Apparently the crl and client truststore properties (xmpp.client.certificate.crl and xmpp.socket.ssl.client.truststore) only admit of relative URLs. I.e., “/opt/openfire/resources/security/client.truststore” won’t work… “resources/security/client.truststore” will work. That’s a tidy bit of info. Of course, I could not ever verify until I’d patched my Spark client per the above, but that’s probably a critical piece of information for folks to be aware of. I’ll try to add a note to the other thread where you laid out the basic properties.
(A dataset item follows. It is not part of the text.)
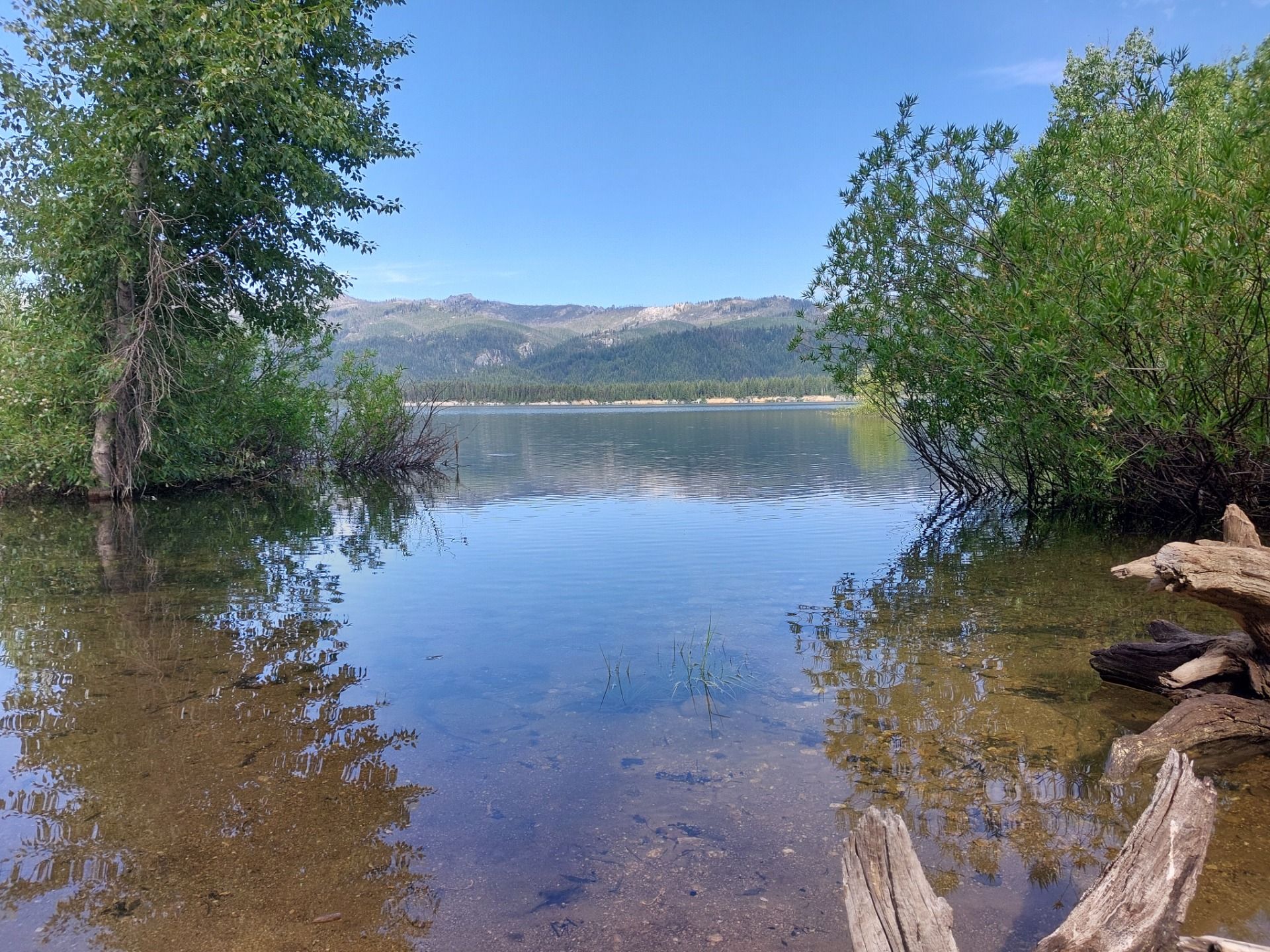 Am Deadwood Reservoir machte ich Pause, Beine vertreten, Wasser gluckern hören. Die Gegend hier ist wie ein Landschaftspuzzle in Pastell: tiefgrüne Tannen, spiegelndes Wasser, steile Berghänge im Hintergrund, Adler ziehen über den Himmel, während das Wasser leise gegen das Ufer schwappt.

Anyway, I’d be happy to file a ticket in JIRA, but it’s not open to the public. Could you at least create a ticket, if you have access? And attach the patches, etc? Oddly, I do see that the RPM-based 3.6.3 server is showing <required=“true”>, so I’m not sure what the deal is there, or if I’m looking in the wrong place.

Okay, im getting closer. Your solution seems to work. The only thing which prevents me from connection to the Server is this error:

2009.05.07 10:30:18 Closing session due to exception: (SOCKET, R: /192.168.0.135:2003, L: /192.168.0.135:5222, S: 0.0.0.0/0.0.0.0:5222)
org.apache.mina.filter.codec.ProtocolDecoderException: java.lang.Exception: Disallowed character (Hexdump: 80 62 01 03 01 00 39 00 00 00 20 00 00 04 01 00 80 00 00 05 00 00 2F 00 00 33 00 00 32 00 00 0A 07 00 C0 00 00 16 00 00 13 00 00 09 06 00 40 00 00 15 00 00 12 00 00 03 02 00 80 00 00 08 00 00 14 00 00 11 4A 02 9C 1A 68 7A 1F 9D 31 7C DC DD 0D FF FF 1E E5 52 5F 47 0A 50 7F 13 E5 60 84 F4 EA 0E 19 52)

This occures while TLS handshaking. i think theres someting wrong with my certificates but i dont know what, any idea? is the character ‘-’ disallowed in certificate names?